Over the winter holidays, I built a website to play around with MangaDex data and recommendation systems. It can be found at manga-recsys.geospiza.me, with source code on GitHub. It takes some inspiration from similar manga used by Neko, particularly around the use of static hosting for serving recommendations. I scraped the manga, groups, and chapter endpoints to try different techniques. You can find consolidated datasets in parquet and ndjson on the data page.

There are three smaller sub-projects that I'd like to call out for their interesting results:

Association rule mining of tags
Visualizations of tag embeddings
Re-ranking recent manga updates using a personal library

Association rule mining of tags

Association rule mining is a data mining technique to learn relationships between entities. The most famous example is the association between "diapers and beer" in grocery store purchases. I ran a rule-mining algorithm (FPGrowth) on the tag data. I built a small searchable table to look at the rules.

https://imgur.com/09pKa11

Here, we see that "Reincarnation" and "Fantasy" often lead to "Isekai". One potential application is to build up sets of tags that frequently appear to make suggestions in filters. You can play around with this table on the tag-rules page.

Visualization of tag embeddings

The basic principle of a recommendation system is to find items (e.g., manga) that are similar to each other. Several methods exist to build recommendations, but I focus on a system based on tag similarity. Two manga are similar if they share tags. We can build an embedding to represent each manga as a vector; embeddings are geometric spaces that preserve distances from a higher dimensional space. I build embedding models using word2vec, latent semantic indexing, and bipartite networks. After building these, I visualize them in 2D plots.

https://imgur.com/LchE7J6

Play around with the embedding plots here; they have been pre-computed for all tags on each model I've built. The plots are a way to eyeball how well the recommendation models do in clustering manga based on their tags.

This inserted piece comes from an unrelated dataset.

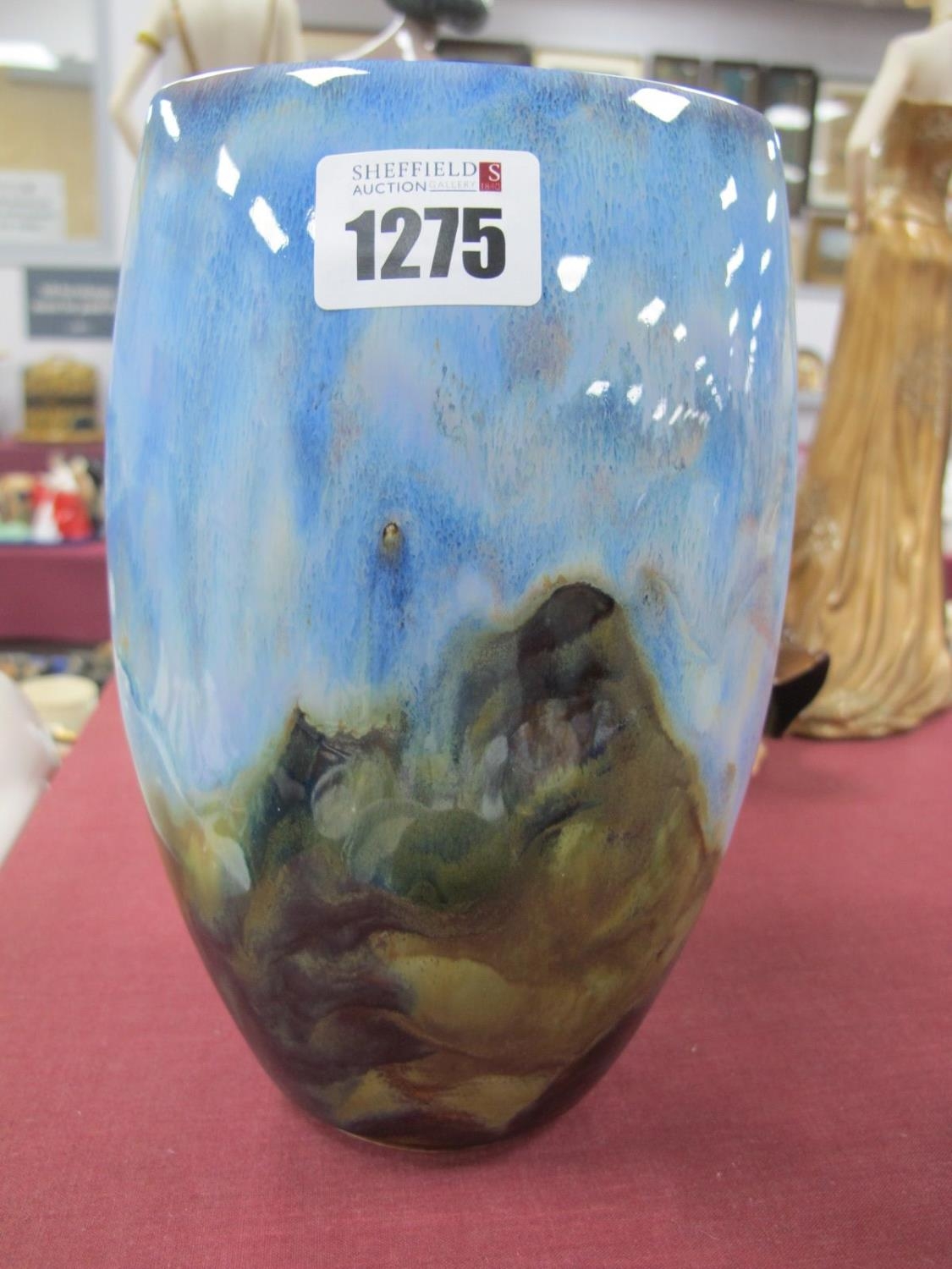 An Anita Harris Stoneware Trial Living Glaze Oval Vase, signed by Peter Harris, 19cm high.

Re-ranking recent manga updates using a personal library

The last thing I'd like to present is an proof-of-concept application of the tag embedding models. I use the word2vec model to build a client-side re-ranking system of recent updates. You can add manga that you like to your personal library, and it will build a "preference vector" that represents your preferences.

https://imgur.com/qRKMDet

We use this preference vector to sort the last 100 manga updates, so that manga that are most similar to your library are shown at the top. This works well if you have particular tastes (isekai anyone?), and is simple to implement. You can play with the proof-of-concept application here, which updates at most once every 5 minutes, and saves manga to your local storage.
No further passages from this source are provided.